Provides fast access to unicode character properties

Usage no npm install needed!

<script type="module">
  import pdfLibUnicodeProperties from 'https://cdn.skypack.dev/@pdf-lib/unicode-properties';
</script>

README

NOTE: All credit for this code belongs to the developers of https://github.com/devongovett/unicode-properties

Purpose of this Fork

This fork was created for use in https://github.com/Hopding/pdf-lib.

The original repository serialized and loaded the trie data using a binary file. This worked fine in Node, because fs.readFileSync was being called to load the serialized data into a Buffer object. In order to support use in the browser, Browserify and brfs were used to inline the binary data in the index.js file, and thereby remove the call to fs.readFileSync.

This works fine if you are in a Node environment, or are using Browserify to bundle your code for use in the browser. But it doesn't work so well if you aren't doing either of those things. E.g. I was writing an app built with create-react-app, and the binary data was not being inlined for this dependency.

I resolved this by simply serializing the trie data to a JSON file, which allows it to be loaded into the index.js file without using Browserify. Of course, this means that the trie data is not stored as efficiently, but that is not a concern for me.

unicode-properties

Provides fast access to unicode character properties. Uses unicode-trie to compress the properties for all code points into just 12KB.

Usage

npm install unicode-properties
var unicode = require('unicode-properties');

unicode.getCategory('2'.charCodeAt()) //=> 'Nd'
unicode.getNumericValue('2'.charCodeAt()) //=> 2

API

getCategory(codePoint)

Returns the unicode general category for the given code point.

getScript(codePoint)

Returns the script for the given code point.

getCombiningClass(codePoint)

Returns the canonical combining class for the given code point.

getEastAsianWidth(codePoint)

Returns the East Asian width for the given code point.
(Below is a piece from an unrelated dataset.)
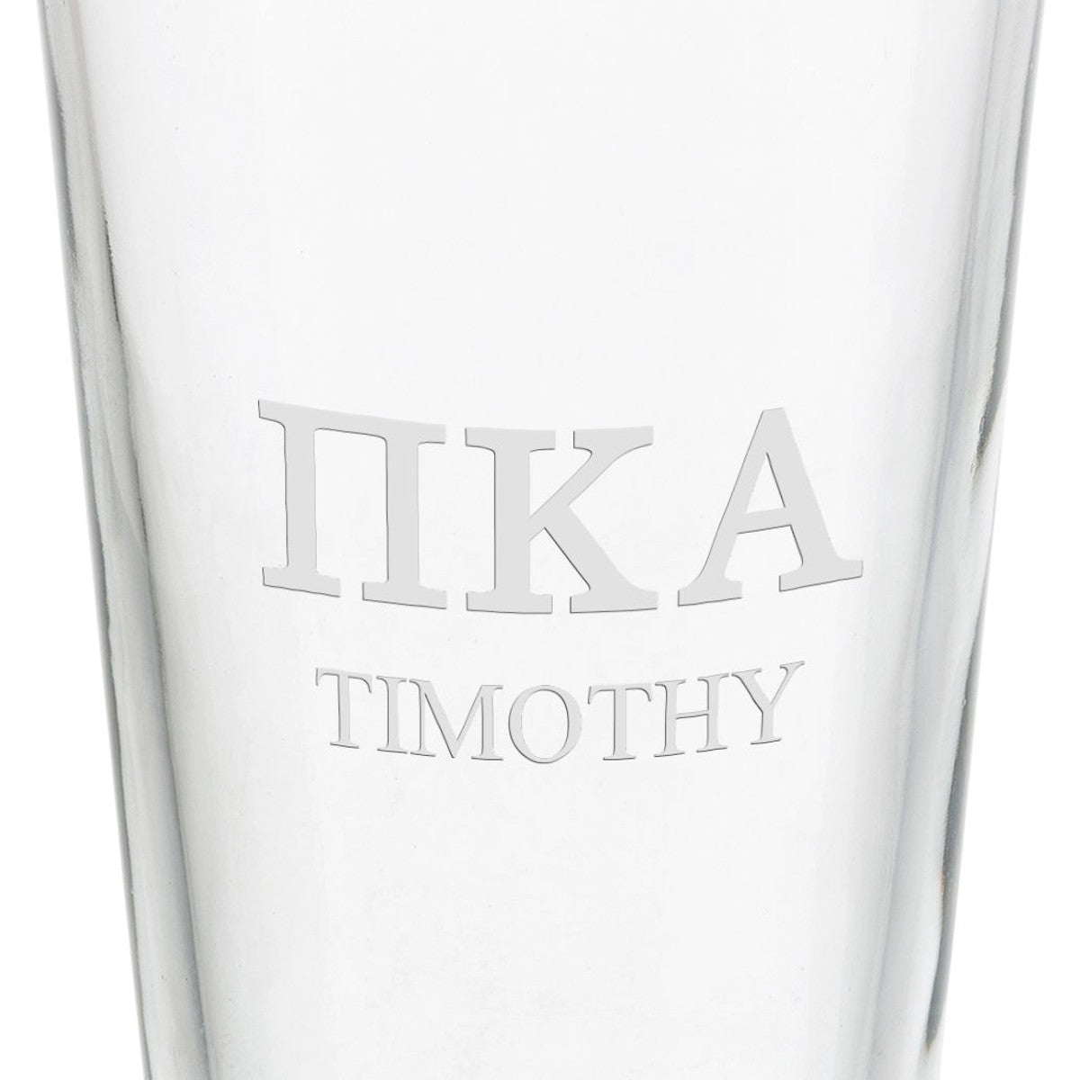 Each Pi Kappa Alpha 16 oz pint glass is deep-etched with the Pi Kappa Alpha logo. Its simple styling and crystal-clear clarity make this glass perfect for any drink. Your name can be added under the logo for free.

getNumericValue(codePoint)

Returns the numeric value for the given code point, or null if there is no numeric value for that code point.

isAlphabetic(codePoint)

Returns whether the code point is an alphabetic character.

isDigit(codePoint)

Returns whether the code point is a digit.

isPunctuation(codePoint)

Returns whether the code point is a punctuation character.

isLowerCase(codePoint)

Returns whether the code point is lower case.

isUpperCase(codePoint)

Returns whether the code point is upper case.

isTitleCase(codePoint)

Returns whether the code point is title case.

isWhiteSpace(codePoint)

Returns whether the code point is whitespace: specifically, whether the category is one of Zs, Zl, or Zp.

isBaseForm(codePoint)

Returns whether the code point is a base form. A code point of base form does not graphically combine with preceding characters.

isMark(codePoint)

Returns whether the code point is a mark character (e.g. accent).

License

MIT